Re: [PATCH v3 4/4] driver core: Add edit_links() callback for drivers

From: Saravana Kannan
Date: Mon Jul 01 2019 - 23:41:30 EST


On Mon, Jul 1, 2019 at 6:46 PM Rob Herring <robh+dt@xxxxxxxxxx> wrote:
>
> On Mon, Jul 1, 2019 at 6:48 PM Saravana Kannan <saravanak@xxxxxxxxxx> wrote:
> >
> > The driver core/bus adding dependencies by default makes sure that
> > suppliers don't sync the hardware state with software state before all the
> > consumers have their drivers loaded (if they are modules) and are probed.
> >
> > However, when the bus incorrectly adds dependencies that it shouldn't have
> > added, the devices might never probe.
> >
> > For example, if device-C is a consumer of device-S and they have phandles
> > to each other in DT, the following could happen:
> >
> > 1. Device-S get added first.
> > 2. The bus add_links() callback will (incorrectly) try to link it as
> > a consumer of device-C.
> > 3. Since device-C isn't present, device-S will be put in
> > "waiting-for-supplier" list.
> > 4. Device-C gets added next.
> > 5. All devices in "waiting-for-supplier" list are retried for linking.
> > 6. Device-S gets linked as consumer to Device-C.
> > 7. The bus add_links() callback will (correctly) try to link it as
> > a consumer of device-S.
> > 8. This isn't allowed because it would create a cyclic device links.
> >
> > So neither devices will get probed since the supplier is dependent on a
> > consumer that'll never probe (because it can't get resources from the
> > supplier).
> >
> > Without this patch, things stay in this broken state. However, with this
> > patch, the execution will continue like this:
> >
> > 9. Device-C's driver is loaded.
> > 10. Device-C's driver removes Device-S as a consumer of Device-C.
> > 11. Device-C's driver adds Device-C as a consumer of Device-S.
> > 12. Device-S probes.
> > 13. Device-S sync_state() isn't called because Device-C hasn't probed yet.
> > 14. Device-C probes.
> > 15. Device-S's sync_state() callback is called.
>
> We already have some DT unittests around platform devices. It would be
> nice to extend them to demonstrate this problem. Could be a follow-up
> patch though.
>
> In the case a driver hasn't been updated, couldn't the driver core
> just remove all the links of C to S and S to C so that progress can be
> made and we retain the status quo of what we have today?

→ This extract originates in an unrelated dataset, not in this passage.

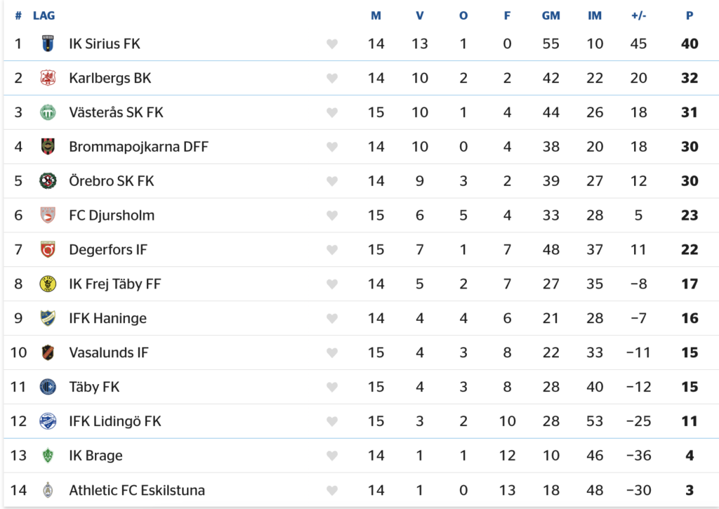 P19 Allsvenskan, tabell:
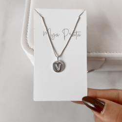 Colar pingente medalha letra V cravejada 15mm 45cm | Mya Prata

The problem is knowing which of those links to delete and when.

If a link between S and C fails, how do we know and keep track of
which of the other 100 links in the system are causing a cycle? It can
get unwieldy real quick. We could delete all the links to fall back to
status quo, but how do we tell at what point in time we can delete
them all?

> That would
> lessen the chances of breaking platforms and reduce the immediate need
> to fix them.

Which is why I think we need to have a commandline/config option to
turn this series on. Keep in mind that once this patch is merged, the
API for the supplier drivers would be the same whether the feature is
enabled or not. They just fallback to status quo behavior (do their
stuff in late_initcall_sync() like they do today).

This patch series has a huge impact on the behavior and I don't think
there's a sound reason to force it on everyone right away. This is
something that needs incremental changes to bring in more and more
platforms/drivers into the new scheme. At a minimum Qualcomm seems
pretty interested in using this to solve their "when do I change/turn
off this clock/interconnect after boot?" question.

-Saravana